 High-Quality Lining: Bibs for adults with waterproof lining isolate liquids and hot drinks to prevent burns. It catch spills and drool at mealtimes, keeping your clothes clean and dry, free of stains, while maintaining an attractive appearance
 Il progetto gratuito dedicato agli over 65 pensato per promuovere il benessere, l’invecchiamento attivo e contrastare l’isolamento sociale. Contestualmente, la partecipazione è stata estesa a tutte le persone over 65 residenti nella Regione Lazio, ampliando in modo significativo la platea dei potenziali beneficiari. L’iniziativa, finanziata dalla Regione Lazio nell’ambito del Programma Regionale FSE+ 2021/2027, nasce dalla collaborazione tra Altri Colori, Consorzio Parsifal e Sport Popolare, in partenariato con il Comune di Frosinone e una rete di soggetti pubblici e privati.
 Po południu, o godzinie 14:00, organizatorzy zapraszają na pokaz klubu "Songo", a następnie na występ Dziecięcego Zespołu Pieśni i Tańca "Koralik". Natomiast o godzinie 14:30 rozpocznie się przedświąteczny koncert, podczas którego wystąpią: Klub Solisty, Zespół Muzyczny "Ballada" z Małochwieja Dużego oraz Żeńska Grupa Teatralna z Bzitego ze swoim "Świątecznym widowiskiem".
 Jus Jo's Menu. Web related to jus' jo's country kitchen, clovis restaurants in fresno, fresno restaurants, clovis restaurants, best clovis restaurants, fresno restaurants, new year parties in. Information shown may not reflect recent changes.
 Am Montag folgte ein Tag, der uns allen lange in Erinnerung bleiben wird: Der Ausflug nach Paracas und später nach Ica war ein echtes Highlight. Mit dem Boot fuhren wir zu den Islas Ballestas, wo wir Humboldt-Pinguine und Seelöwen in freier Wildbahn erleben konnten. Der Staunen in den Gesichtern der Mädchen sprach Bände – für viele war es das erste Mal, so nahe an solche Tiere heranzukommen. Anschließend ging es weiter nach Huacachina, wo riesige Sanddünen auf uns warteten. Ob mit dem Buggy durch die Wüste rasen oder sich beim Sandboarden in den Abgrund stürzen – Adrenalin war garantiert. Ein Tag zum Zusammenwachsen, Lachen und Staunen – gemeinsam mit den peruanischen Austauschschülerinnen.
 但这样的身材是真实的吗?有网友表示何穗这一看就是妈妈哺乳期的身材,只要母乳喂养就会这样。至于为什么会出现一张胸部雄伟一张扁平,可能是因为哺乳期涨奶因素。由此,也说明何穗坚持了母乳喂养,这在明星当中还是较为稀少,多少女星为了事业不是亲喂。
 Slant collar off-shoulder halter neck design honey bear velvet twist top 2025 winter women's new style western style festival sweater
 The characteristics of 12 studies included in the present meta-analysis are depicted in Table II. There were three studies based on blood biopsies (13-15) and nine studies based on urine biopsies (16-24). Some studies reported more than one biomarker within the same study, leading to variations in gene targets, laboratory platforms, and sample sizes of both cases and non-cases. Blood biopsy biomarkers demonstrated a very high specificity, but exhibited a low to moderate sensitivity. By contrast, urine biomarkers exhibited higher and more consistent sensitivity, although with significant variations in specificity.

________________

THE PROBLEM.
Retype each record exactly, leaving nothing out.

ANSWER AREA.
 High-Quality Lining: Bibs for adults with waterproof lining isolate liquids and hot drinks to prevent burns. It catch spills and drool at mealtimes, keeping your clothes clean and dry, free of stains, while maintaining an attractive appearance
 Il progetto gratuito dedicato agli over 65 pensato per promuovere il benessere, l’invecchiamento attivo e contrastare l’isolamento sociale. Contestualmente, la partecipazione è stata estesa a tutte le persone over 65 residenti nella Regione Lazio, ampliando in modo significativo la platea dei potenziali beneficiari. L’iniziativa, finanziata dalla Regione Lazio nell’ambito del Programma Regionale FSE+ 2021/2027, nasce dalla collaborazione tra Altri Colori, Consorzio Parsifal e Sport Popolare, in partenariato con il Comune di Frosinone e una rete di soggetti pubblici e privati.
 Po południu, o godzinie 14:00, organizatorzy zapraszają na pokaz klubu "Songo", a następnie na występ Dziecięcego Zespołu Pieśni i Tańca "Koralik". Natomiast o godzinie 14:30 rozpocznie się przedświąteczny koncert, podczas którego wystąpią: Klub Solisty, Zespół Muzyczny "Ballada" z Małochwieja Dużego oraz Żeńska Grupa Teatralna z Bzitego ze swoim "Świątecznym widowiskiem".
 Jus Jo's Menu. Web related to jus' jo's country kitchen, clovis restaurants in fresno, fresno restaurants, clovis restaurants, best clovis restaurants, fresno restaurants, new year parties in. Information shown may not reflect recent changes.
 Am Montag folgte ein Tag, der uns allen lange in Erinnerung bleiben wird: Der Ausflug nach Paracas und später nach Ica war ein echtes Highlight. Mit dem Boot fuhren wir zu den Islas Ballestas, wo wir Humboldt-Pinguine und Seelöwen in freier Wildbahn erleben konnten. Der Staunen in den Gesichtern der Mädchen sprach Bände – für viele war es das erste Mal, so nahe an solche Tiere heranzukommen. Anschließend ging es weiter nach Huacachina, wo riesige Sanddünen auf uns warteten. Ob mit dem Buggy durch die Wüste rasen oder sich beim Sandboarden in den Abgrund stürzen – Adrenalin war garantiert. Ein Tag zum Zusammenwachsen, Lachen und Staunen – gemeinsam mit den peruanischen Austauschschülerinnen.
 但这样的身材是真实的吗?有网友表示何穗这一看就是妈妈哺乳期的身材,只要母乳喂养就会这样。至于为什么会出现一张胸部雄伟一张扁平,可能是因为哺乳期涨奶因素。由此,也说明何穗坚持了母乳喂养,这在明星当中还是较为稀少,多少女星为了事业不是亲喂。
 Slant collar off-shoulder halter neck design honey bear velvet twist top 2025 winter women's new style western style festival sweater
 The characteristics of 12 studies included in the present meta-analysis are depicted in Table II. There were three studies based on blood biopsies (13-15) and nine studies based on urine biopsies (16-24). Some studies reported more than one biomarker within the same study, leading to variations in gene targets, laboratory platforms, and sample sizes of both cases and non-cases. Blood biopsy biomarkers demonstrated a very high specificity, but exhibited a low to moderate sensitivity. By contrast, urine biomarkers exhibited higher and more consistent sensitivity, although with significant variations in specificity.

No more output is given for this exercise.